Without the pictures, set down every line of the data exactly.

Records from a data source
--*--

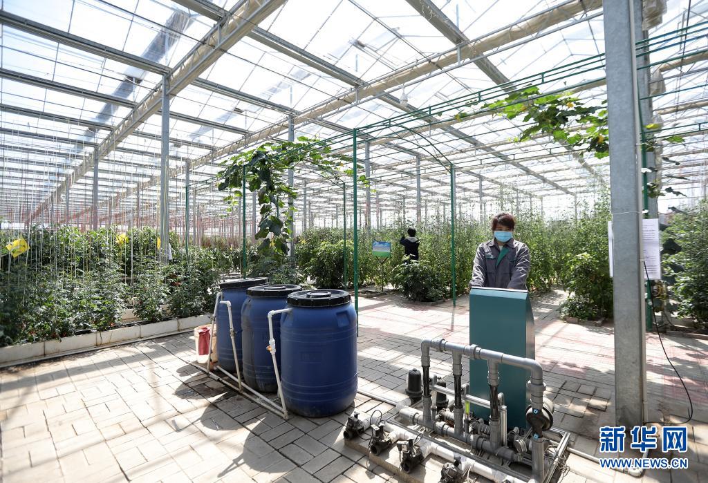 河北省饒陽縣一家現(xiàn)代農(nóng)業(yè)示范園區(qū)工人在智慧溫室操作水肥一體化設(shè)施(2020年4月8日攝)。近年來,河北省饒陽縣在推進農(nóng)業(yè)供給側(cè)結(jié)構(gòu)性改革中,積極優(yōu)化農(nóng)業(yè)產(chǎn)業(yè)結(jié)構(gòu),依托現(xiàn)代農(nóng)業(yè)示范園區(qū)建設(shè),將自動滴灌、遠程數(shù)據(jù)采集、智能電力溫控等先進“工業(yè)化”技術(shù)應(yīng)用于農(nóng)業(yè)生產(chǎn)。
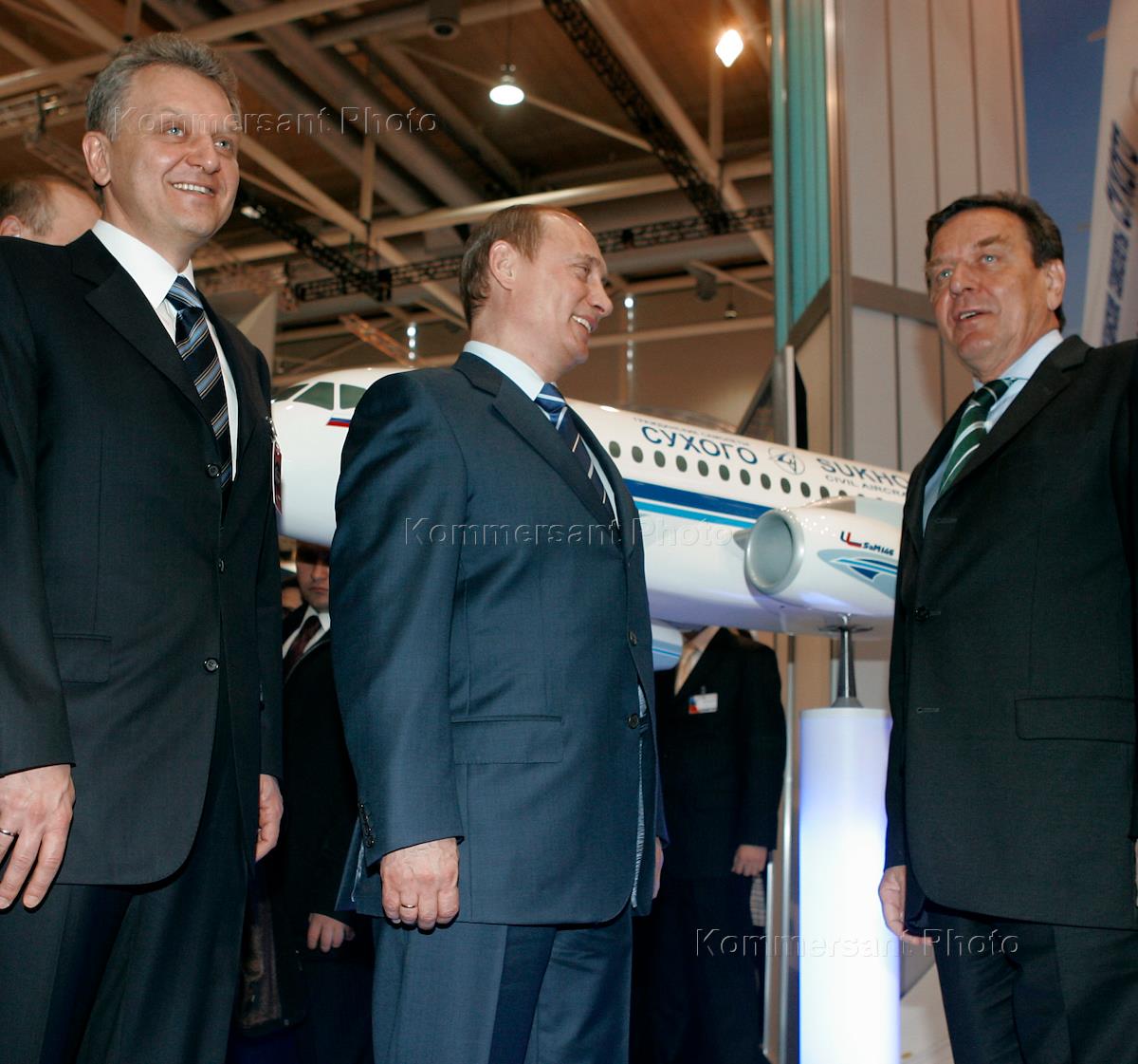 Генеральный директор Авиационной холдинговой компании "Сухой" Михаил Погосян (слева) и президент России Владимир Путин (справа) на церемонии открытия Ганноверской промышленной ярмарки.
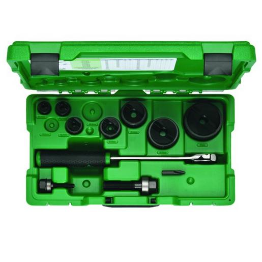Bestehend aus Zugschraube für manuelle Betätigung Durchmesser 9,5 x 40 mm (50000420), Zugschraube für manuelle Betätigung Durchmesser 19,0 x 55 mm (50040405), Ratsche (50349414), Slug Buster Spalt-Blechlocher-Satz PG 9/11/13/16/21/29/36/48 und 30,5 mm, Kunststoffkoffer (50366858).
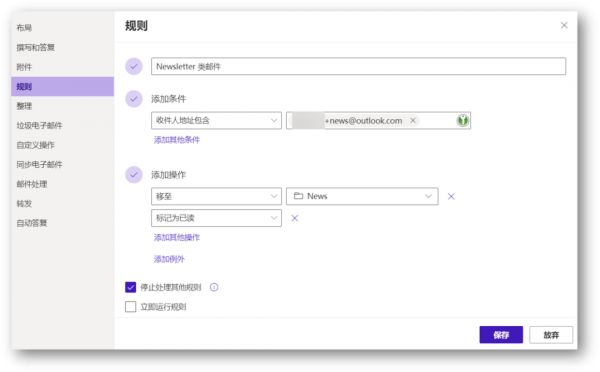使用了邮件别名一节中 hi+<关键字>@gmail.com 的方式注册网络服务,相当于对邮件来源提前进行了筛选。不同类型的邮件将会有不同的收件地址,我们可以利用这一点配置邮件规则。比如说将所有招聘类邮件全部移动到垃圾箱,将 Newsletter 类邮件标记已读并移动到某个文件夹:
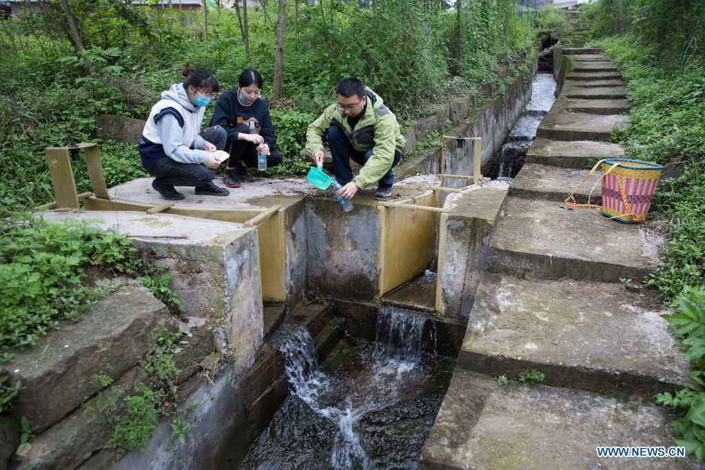 Researchers collect water samples at a sampling point in Zhongxian County, southwest China's Chongqing, April 11, 2021. The Three Gorges project is a vast multi-functional water-control system on the Yangtze River, China's longest waterway, with a 2,309-meter-long and 185-meter-high dam. The water levels of the reservoir area inevitably fluctuate on an annual discharge-storage cycle between 145m to 175m at the dam. The water level fluctuation zone also encounters some eco-environmental problems, including soil erosion and non-point source pollution. Researchers of the Institute of Mountain Hazards and Environment, Chinese Academy of Sciences (CAS) have conducted comprehensive investigations on soil, plants, hydrology, water quality and sediment in the area. Their study has important implications on better running the function of the Three Gorges Reservoir and the safety of local ecological environment. (Xinhua/Jin Liwang)

--*--

**Response for this exercise:**
 河北省饒陽縣一家現(xiàn)代農(nóng)業(yè)示范園區(qū)工人在智慧溫室操作水肥一體化設(shè)施(2020年4月8日攝)。近年來,河北省饒陽縣在推進農(nóng)業(yè)供給側(cè)結(jié)構(gòu)性改革中,積極優(yōu)化農(nóng)業(yè)產(chǎn)業(yè)結(jié)構(gòu),依托現(xiàn)代農(nóng)業(yè)示范園區(qū)建設(shè),將自動滴灌、遠程數(shù)據(jù)采集、智能電力溫控等先進“工業(yè)化”技術(shù)應(yīng)用于農(nóng)業(yè)生產(chǎn)。
 Генеральный директор Авиационной холдинговой компании "Сухой" Михаил Погосян (слева) и президент России Владимир Путин (справа) на церемонии открытия Ганноверской промышленной ярмарки.
Bestehend aus Zugschraube für manuelle Betätigung Durchmesser 9,5 x 40 mm (50000420), Zugschraube für manuelle Betätigung Durchmesser 19,0 x 55 mm (50040405), Ratsche (50349414), Slug Buster Spalt-Blechlocher-Satz PG 9/11/13/16/21/29/36/48 und 30,5 mm, Kunststoffkoffer (50366858).
使用了邮件别名一节中 hi+<关键字>@gmail.com 的方式注册网络服务,相当于对邮件来源提前进行了筛选。不同类型的邮件将会有不同的收件地址,我们可以利用这一点配置邮件规则。比如说将所有招聘类邮件全部移动到垃圾箱,将 Newsletter 类邮件标记已读并移动到某个文件夹:
 Researchers collect water samples at a sampling point in Zhongxian County, southwest China's Chongqing, April 11, 2021. The Three Gorges project is a vast multi-functional water-control system on the Yangtze River, China's longest waterway, with a 2,309-meter-long and 185-meter-high dam. The water levels of the reservoir area inevitably fluctuate on an annual discharge-storage cycle between 145m to 175m at the dam. The water level fluctuation zone also encounters some eco-environmental problems, including soil erosion and non-point source pollution. Researchers of the Institute of Mountain Hazards and Environment, Chinese Academy of Sciences (CAS) have conducted comprehensive investigations on soil, plants, hydrology, water quality and sediment in the area. Their study has important implications on better running the function of the Three Gorges Reservoir and the safety of local ecological environment. (Xinhua/Jin Liwang)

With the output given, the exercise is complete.